▸ Extracted entries:
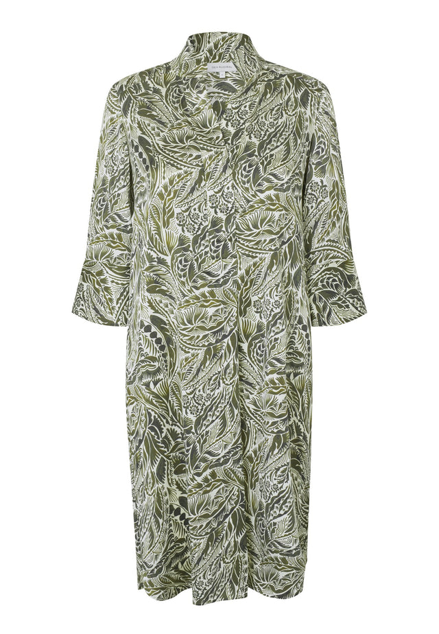 Zweifellos einer der beliebtesten Stile von Dea Kudibal. Dieses legere Midikleid ist perfekt für den Sommer. Der Kimono-Ausschnitt und der Kragen verleihen ihm eine raffinierte Eleganz, während die tiefen Ärmel eine entspannte Leichtigkeit vermitteln. Diese elegante Version präsentiert sich mit einem Blätterprint auf Viskose-Crêpe.
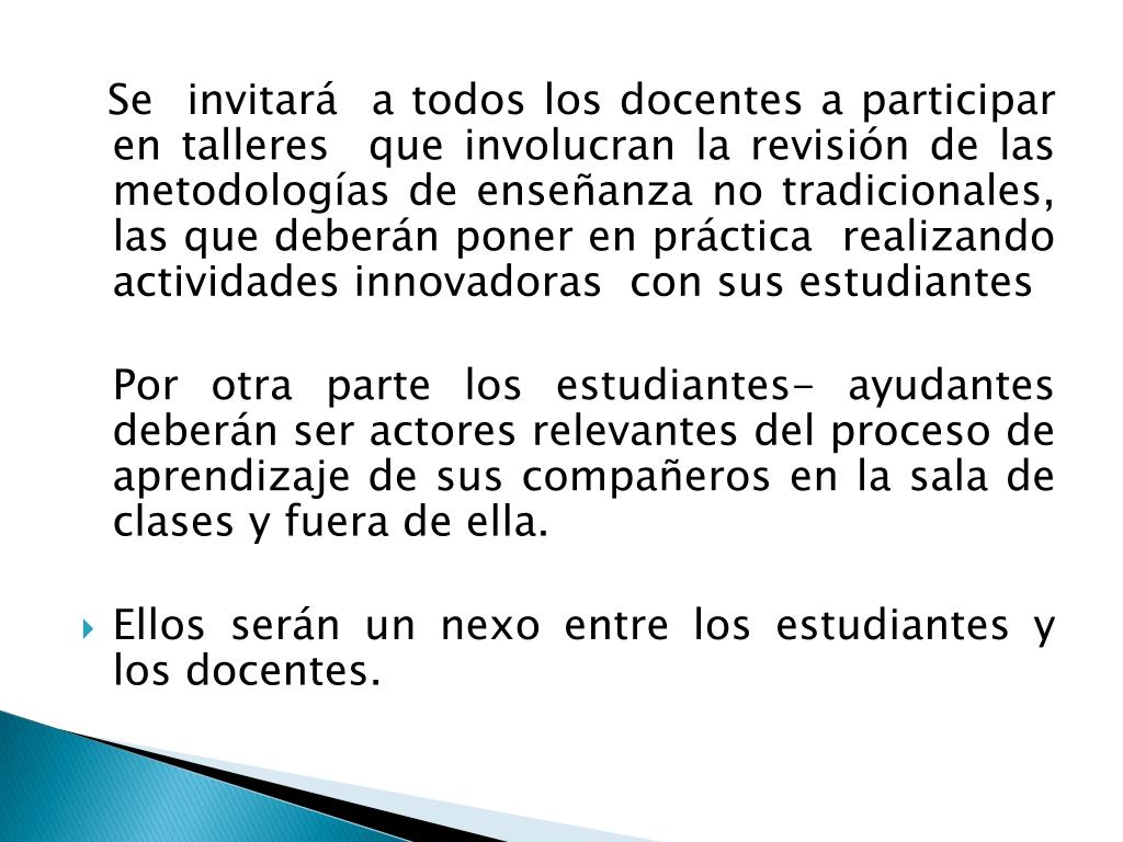 Se invitaráa todos los docentes a participaren talleresqueinvolucran la revisión de lasmetodologías de enseñanza no tradicionales, lasquedeberánponer en prácticarealizandoactividadesinnovadoras con susestudiantes Por otra parte los estudiantes- ayudantes deberán ser actores relevantes del proceso de aprendizaje de sus compañeros en la sala de clases y fuera de ella. • Ellos serán un nexo entre los estudiantes y los docentes.
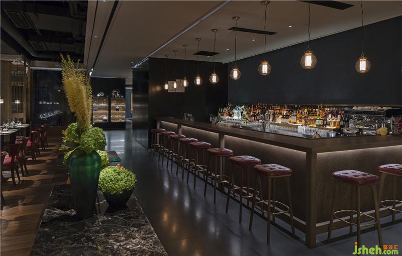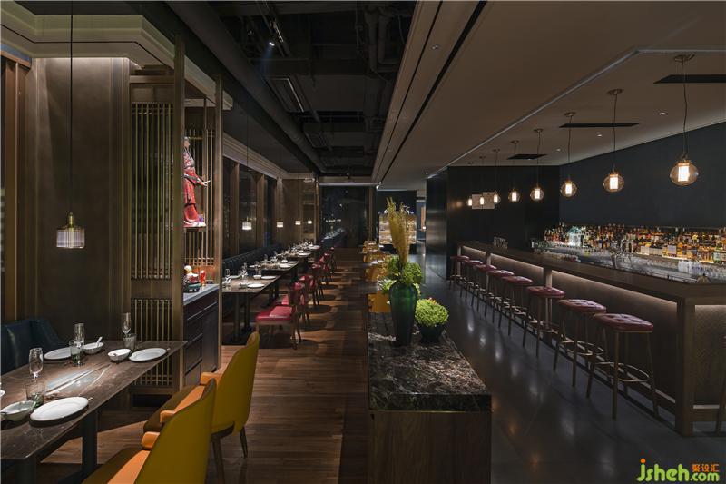 “為摒棄無用的裝飾,集中所有精力引景入室,于是景致源頭的餐飲檔口和酒吧區(qū)就成為了空間的重點?!?
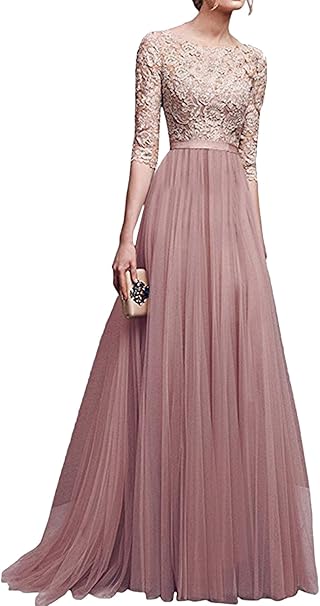 Omuutr Damen Kleid 3 4 Arm Spitzen Chiffon Langes Party Ballkleid Abendkleid Cocktailkleid Faltenrock Festliche Kleider Brautjungfer Hochzeit Amazon De Bekleidung
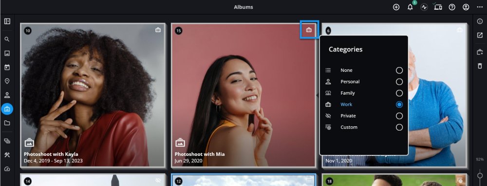 - Wählen Sie Keine, Persönlich, Familie, Arbeit, Privat oder Benutzerdefiniert, um eine primäre Kategorie für das ausgewählte Album zuzuweisen.
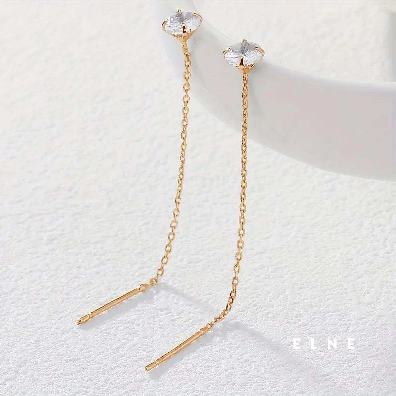 上品な輝きのエレガントドロップチェーンピアス。

▸ The task: Print the data again word for word, pictures excluded.

▸ Exercise response:
 Zweifellos einer der beliebtesten Stile von Dea Kudibal. Dieses legere Midikleid ist perfekt für den Sommer. Der Kimono-Ausschnitt und der Kragen verleihen ihm eine raffinierte Eleganz, während die tiefen Ärmel eine entspannte Leichtigkeit vermitteln. Diese elegante Version präsentiert sich mit einem Blätterprint auf Viskose-Crêpe.
 Se invitaráa todos los docentes a participaren talleresqueinvolucran la revisión de lasmetodologías de enseñanza no tradicionales, lasquedeberánponer en prácticarealizandoactividadesinnovadoras con susestudiantes Por otra parte los estudiantes- ayudantes deberán ser actores relevantes del proceso de aprendizaje de sus compañeros en la sala de clases y fuera de ella. • Ellos serán un nexo entre los estudiantes y los docentes.
 “為摒棄無用的裝飾,集中所有精力引景入室,于是景致源頭的餐飲檔口和酒吧區(qū)就成為了空間的重點?!?
 Omuutr Damen Kleid 3 4 Arm Spitzen Chiffon Langes Party Ballkleid Abendkleid Cocktailkleid Faltenrock Festliche Kleider Brautjungfer Hochzeit Amazon De Bekleidung
 - Wählen Sie Keine, Persönlich, Familie, Arbeit, Privat oder Benutzerdefiniert, um eine primäre Kategorie für das ausgewählte Album zuzuweisen.
 上品な輝きのエレガントドロップチェーンピアス。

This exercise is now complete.